Hay unas fiestas de swingers en Las Vegas que son una merma. Sólo dejan entrar a mujeres
solteras que estén buenas y a parejas menores de treinta y cinco años. La entrada vale veinte mil
dólares por tipo (las mujeres entran gratis). Para la rumba se alquilan unos penthouses del Hotel
Palms. Cuatro suites, de cuatro cuartos cada una, conectadas entre sí. Son espacios enormes, una de
ellas tiene hasta una mini cancha de basket en mitad de la sala (supongo que para los panas de la
NBA). Hay jacuzzis, columpios, saunas, colchones comunales en los que caben quince, todo tipo de
juguetes y aparatos… Las suites tienen vista al Vegas Strip, la calle principal de Las Vegas, donde
está una réplica medio raruna de la Torre Eiffel y otros hoteles temáticos que atraen a los peores
turistas del planeta.
Lo mejor de estas fiestas, es que en ellas la mayoría de las parejas no son pareja. Un carajo
menor de treinta y cinco años, que está dispuesto a gastarse veinte lucas verdes en una rumba, es un
carajo que no anda pendiente de tener una relación estable… Y si la tiene, no trae a la jeva para una
fiesta de swingers en Las Vegas. Así que todas las cien mujeres que vienen con tipos a las fiestas,
más las cincuenta que vienen solas, andan pendientes de escalar y pasan toda la noche mirando para
los lados para ver dónde se montan.
Las rumbas comienzan a las tres de la mañana y como a las cuatro se arman unas orgías que
son, de pana, superiores a la que viví en el palacio de Gadafi (esa quizá se las cuento luego).
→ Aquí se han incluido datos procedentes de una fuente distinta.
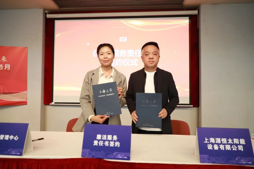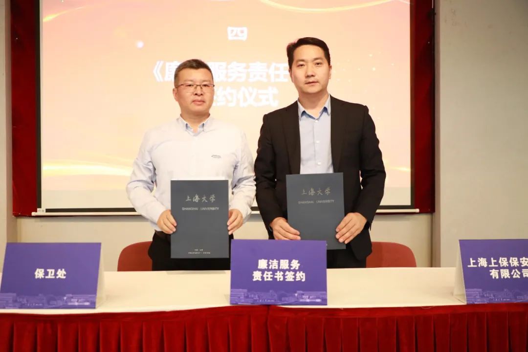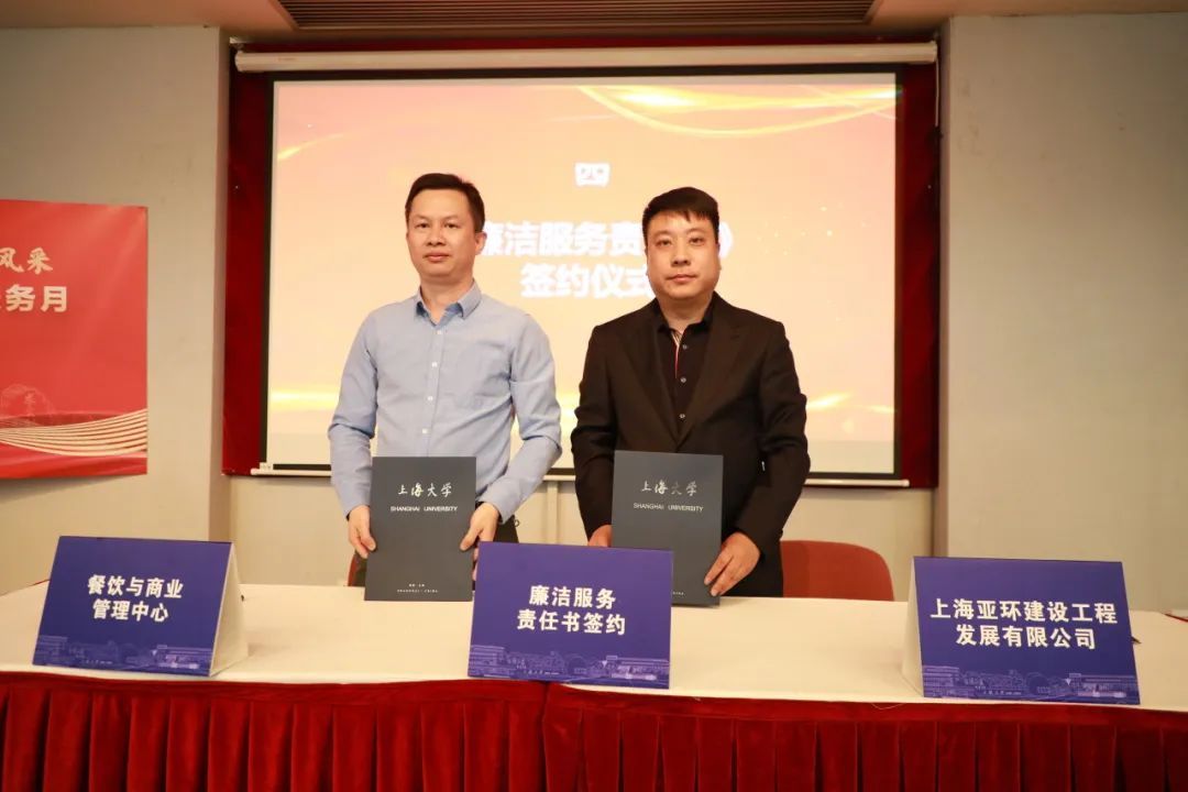 为进一步规范后勤保障部各业务部门与社会服务企业的行为,加快形成既亲又清、良性互动的氛围,后勤保障部副部长、保卫处处长徐义圣,餐饮与商业管理中心主任刘伟纲,物业管理中心主任褚凤灵分别与校内社会服务公司签订《廉洁服务责任书》。

Acababa de aterrizar en Las Vegas con mi pareja de la fiesta de swingers, una actriz
brasilera que conocí hace tres años, en diciembre del 2008 en Punta del Este. Teníamos la nariz
entumecida de tantos pases que nos habíamos metido en el avión privado del testaferro del pana (un
Challenger 300, de veinticinco palos verdes, con platos de porcelana y mesoneros que sirven queso
manchego con melón). Nos recogió un Lincoln Town Car y nos llevó al Hotel Venetian, que está
medio lejos del Palms.
—¿Por qué no nos quedamos en el Palms? –preguntó la carioca en portuñol.
—Nunca es bueno quedarse en el hotel en el que se va a rumbear –respondí–, por si se arma
un peo y hay que salir corriendo.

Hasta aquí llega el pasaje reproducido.